## Assigned task
Write out again the lines from the line with "Cute mini skirt, denim" up to and including the line with "半分ほどいただいて、酢橘を搾って違った味わいを楽しみます。", exactly as they stand below, and skip any picture.

## Data supplied
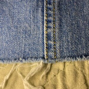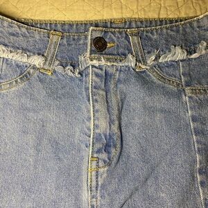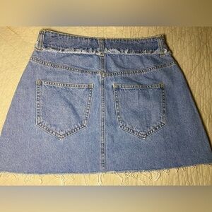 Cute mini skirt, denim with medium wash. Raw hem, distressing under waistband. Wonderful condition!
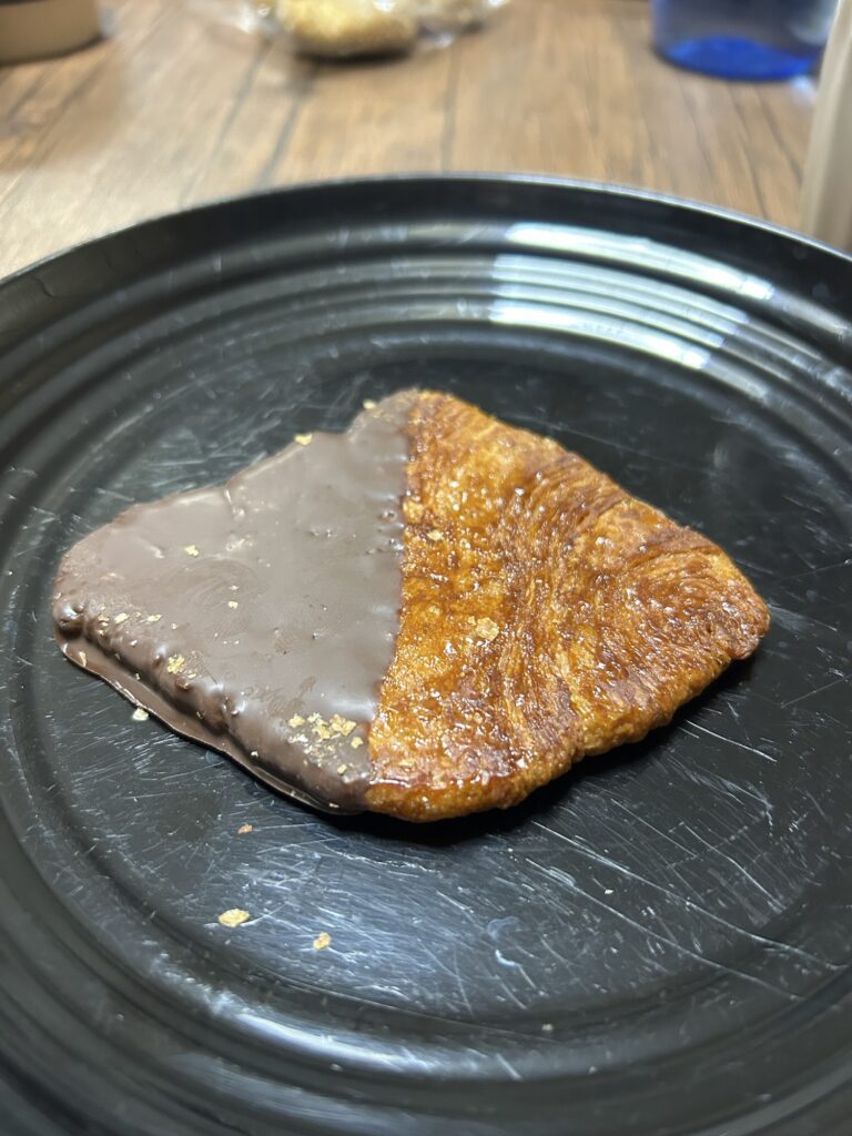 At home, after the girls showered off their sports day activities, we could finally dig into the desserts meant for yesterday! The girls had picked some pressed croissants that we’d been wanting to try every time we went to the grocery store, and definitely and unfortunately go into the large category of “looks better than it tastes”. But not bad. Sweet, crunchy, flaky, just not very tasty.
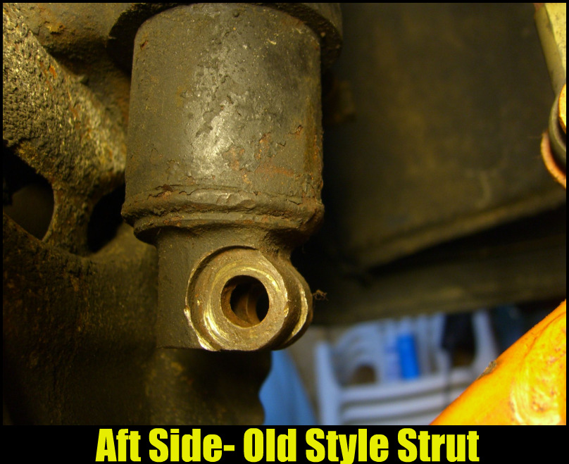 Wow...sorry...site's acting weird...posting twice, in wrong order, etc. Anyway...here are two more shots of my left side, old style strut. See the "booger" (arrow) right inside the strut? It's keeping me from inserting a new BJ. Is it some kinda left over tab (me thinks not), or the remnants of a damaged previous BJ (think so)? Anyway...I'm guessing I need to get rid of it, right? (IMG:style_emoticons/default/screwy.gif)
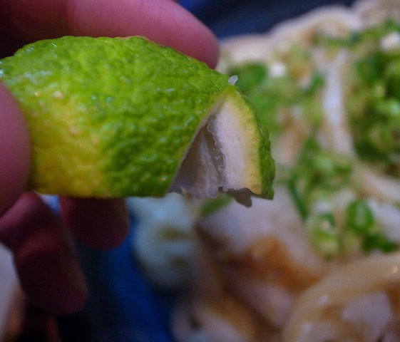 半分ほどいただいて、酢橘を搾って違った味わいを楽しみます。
* * *
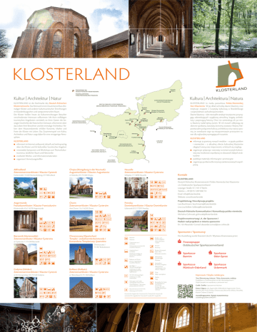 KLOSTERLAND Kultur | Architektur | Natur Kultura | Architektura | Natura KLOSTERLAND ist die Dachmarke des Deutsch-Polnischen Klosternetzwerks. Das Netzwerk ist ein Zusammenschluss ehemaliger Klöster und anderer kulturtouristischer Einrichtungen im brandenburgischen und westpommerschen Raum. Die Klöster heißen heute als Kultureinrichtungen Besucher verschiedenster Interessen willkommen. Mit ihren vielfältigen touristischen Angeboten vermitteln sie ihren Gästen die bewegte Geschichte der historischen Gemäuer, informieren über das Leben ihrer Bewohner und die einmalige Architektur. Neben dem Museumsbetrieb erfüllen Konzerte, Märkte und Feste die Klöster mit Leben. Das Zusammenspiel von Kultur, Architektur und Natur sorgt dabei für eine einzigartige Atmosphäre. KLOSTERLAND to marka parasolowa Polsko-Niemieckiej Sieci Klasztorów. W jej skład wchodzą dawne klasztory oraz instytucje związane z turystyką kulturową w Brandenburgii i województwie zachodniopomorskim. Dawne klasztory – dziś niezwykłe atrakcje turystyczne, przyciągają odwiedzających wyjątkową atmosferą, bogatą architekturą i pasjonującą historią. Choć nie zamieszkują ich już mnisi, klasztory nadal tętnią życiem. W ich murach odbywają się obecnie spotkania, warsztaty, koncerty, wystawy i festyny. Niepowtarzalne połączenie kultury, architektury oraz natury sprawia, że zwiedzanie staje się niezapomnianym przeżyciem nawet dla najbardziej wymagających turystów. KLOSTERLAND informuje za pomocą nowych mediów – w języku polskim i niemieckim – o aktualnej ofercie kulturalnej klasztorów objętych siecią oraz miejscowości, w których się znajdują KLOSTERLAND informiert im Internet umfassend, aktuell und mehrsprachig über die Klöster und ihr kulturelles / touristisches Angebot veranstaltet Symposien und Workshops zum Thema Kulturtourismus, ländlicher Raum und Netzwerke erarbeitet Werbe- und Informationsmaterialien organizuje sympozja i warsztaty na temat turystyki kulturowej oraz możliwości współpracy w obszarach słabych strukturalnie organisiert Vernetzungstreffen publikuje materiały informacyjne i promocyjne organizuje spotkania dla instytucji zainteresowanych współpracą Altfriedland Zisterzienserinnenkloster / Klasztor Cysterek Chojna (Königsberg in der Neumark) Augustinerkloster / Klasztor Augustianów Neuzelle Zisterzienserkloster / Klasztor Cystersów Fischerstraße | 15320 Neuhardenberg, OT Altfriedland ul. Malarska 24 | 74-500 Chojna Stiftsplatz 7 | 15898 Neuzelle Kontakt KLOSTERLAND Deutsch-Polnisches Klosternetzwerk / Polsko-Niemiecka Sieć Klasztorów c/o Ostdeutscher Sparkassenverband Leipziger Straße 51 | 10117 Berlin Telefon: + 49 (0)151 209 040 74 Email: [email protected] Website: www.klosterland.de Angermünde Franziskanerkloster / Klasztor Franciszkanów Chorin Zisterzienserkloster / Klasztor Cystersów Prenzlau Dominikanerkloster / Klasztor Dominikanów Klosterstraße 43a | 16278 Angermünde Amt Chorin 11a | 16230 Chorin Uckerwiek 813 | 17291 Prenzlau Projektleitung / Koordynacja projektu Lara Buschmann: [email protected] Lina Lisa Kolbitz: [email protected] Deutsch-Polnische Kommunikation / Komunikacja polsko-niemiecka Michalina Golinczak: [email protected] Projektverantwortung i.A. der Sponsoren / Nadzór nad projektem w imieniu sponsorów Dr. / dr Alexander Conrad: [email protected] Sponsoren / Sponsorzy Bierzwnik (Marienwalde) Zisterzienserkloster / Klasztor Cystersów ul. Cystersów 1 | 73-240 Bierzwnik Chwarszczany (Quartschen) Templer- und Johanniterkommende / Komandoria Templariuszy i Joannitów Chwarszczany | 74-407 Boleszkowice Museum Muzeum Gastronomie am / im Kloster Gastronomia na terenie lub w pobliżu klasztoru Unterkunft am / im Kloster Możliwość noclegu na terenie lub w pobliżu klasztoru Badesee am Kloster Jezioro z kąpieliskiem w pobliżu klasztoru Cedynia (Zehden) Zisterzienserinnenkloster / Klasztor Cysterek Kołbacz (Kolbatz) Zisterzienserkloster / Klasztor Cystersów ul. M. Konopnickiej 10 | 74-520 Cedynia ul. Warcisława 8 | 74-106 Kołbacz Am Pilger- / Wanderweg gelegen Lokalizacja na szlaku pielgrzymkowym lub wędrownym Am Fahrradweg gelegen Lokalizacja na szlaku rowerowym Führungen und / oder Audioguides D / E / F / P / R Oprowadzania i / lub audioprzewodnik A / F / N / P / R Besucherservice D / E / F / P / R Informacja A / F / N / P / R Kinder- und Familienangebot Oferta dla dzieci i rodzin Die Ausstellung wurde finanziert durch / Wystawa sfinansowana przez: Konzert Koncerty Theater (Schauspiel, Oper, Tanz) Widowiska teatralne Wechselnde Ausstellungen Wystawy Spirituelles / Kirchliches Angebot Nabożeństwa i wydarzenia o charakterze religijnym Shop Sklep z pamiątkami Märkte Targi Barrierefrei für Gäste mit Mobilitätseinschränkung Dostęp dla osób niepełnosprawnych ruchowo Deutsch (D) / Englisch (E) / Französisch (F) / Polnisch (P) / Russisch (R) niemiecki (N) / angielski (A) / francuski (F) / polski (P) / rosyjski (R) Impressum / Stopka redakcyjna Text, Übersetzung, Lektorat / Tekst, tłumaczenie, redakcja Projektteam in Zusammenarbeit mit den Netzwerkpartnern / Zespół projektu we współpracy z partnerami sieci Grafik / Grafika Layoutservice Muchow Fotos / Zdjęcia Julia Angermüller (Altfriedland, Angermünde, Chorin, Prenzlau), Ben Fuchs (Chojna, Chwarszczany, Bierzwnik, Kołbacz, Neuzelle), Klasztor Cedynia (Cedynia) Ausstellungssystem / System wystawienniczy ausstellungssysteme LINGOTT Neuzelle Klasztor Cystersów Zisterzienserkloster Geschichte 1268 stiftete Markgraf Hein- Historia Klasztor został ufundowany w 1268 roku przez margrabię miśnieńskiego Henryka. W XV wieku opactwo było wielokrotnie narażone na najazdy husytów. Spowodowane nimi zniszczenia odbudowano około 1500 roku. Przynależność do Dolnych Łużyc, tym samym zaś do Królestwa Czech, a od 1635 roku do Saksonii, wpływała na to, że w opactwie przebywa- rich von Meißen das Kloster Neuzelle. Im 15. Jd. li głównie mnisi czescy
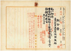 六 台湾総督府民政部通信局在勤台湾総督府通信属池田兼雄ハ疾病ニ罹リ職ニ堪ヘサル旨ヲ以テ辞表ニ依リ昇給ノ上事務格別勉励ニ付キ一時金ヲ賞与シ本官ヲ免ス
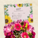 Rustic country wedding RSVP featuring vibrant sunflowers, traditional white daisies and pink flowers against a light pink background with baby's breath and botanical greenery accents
--
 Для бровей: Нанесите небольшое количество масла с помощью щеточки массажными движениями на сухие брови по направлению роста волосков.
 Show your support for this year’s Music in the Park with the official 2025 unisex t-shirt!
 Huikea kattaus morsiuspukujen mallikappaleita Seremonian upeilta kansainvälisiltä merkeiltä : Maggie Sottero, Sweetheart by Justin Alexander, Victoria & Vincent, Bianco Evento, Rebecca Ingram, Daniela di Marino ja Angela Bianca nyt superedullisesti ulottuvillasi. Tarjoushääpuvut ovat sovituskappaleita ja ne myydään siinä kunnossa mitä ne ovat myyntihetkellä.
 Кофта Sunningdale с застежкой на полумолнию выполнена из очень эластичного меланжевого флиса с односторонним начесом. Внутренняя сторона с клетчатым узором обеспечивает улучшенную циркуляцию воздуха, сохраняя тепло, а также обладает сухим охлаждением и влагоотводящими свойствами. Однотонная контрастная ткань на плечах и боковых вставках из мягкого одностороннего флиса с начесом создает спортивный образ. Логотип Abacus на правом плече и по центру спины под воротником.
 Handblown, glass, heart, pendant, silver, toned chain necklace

## Problem solution
 Cute mini skirt, denim with medium wash. Raw hem, distressing under waistband. Wonderful condition!
 At home, after the girls showered off their sports day activities, we could finally dig into the desserts meant for yesterday! The girls had picked some pressed croissants that we’d been wanting to try every time we went to the grocery store, and definitely and unfortunately go into the large category of “looks better than it tastes”. But not bad. Sweet, crunchy, flaky, just not very tasty.
 Wow...sorry...site's acting weird...posting twice, in wrong order, etc. Anyway...here are two more shots of my left side, old style strut. See the "booger" (arrow) right inside the strut? It's keeping me from inserting a new BJ. Is it some kinda left over tab (me thinks not), or the remnants of a damaged previous BJ (think so)? Anyway...I'm guessing I need to get rid of it, right? (IMG:style_emoticons/default/screwy.gif)
 半分ほどいただいて、酢橘を搾って違った味わいを楽しみます。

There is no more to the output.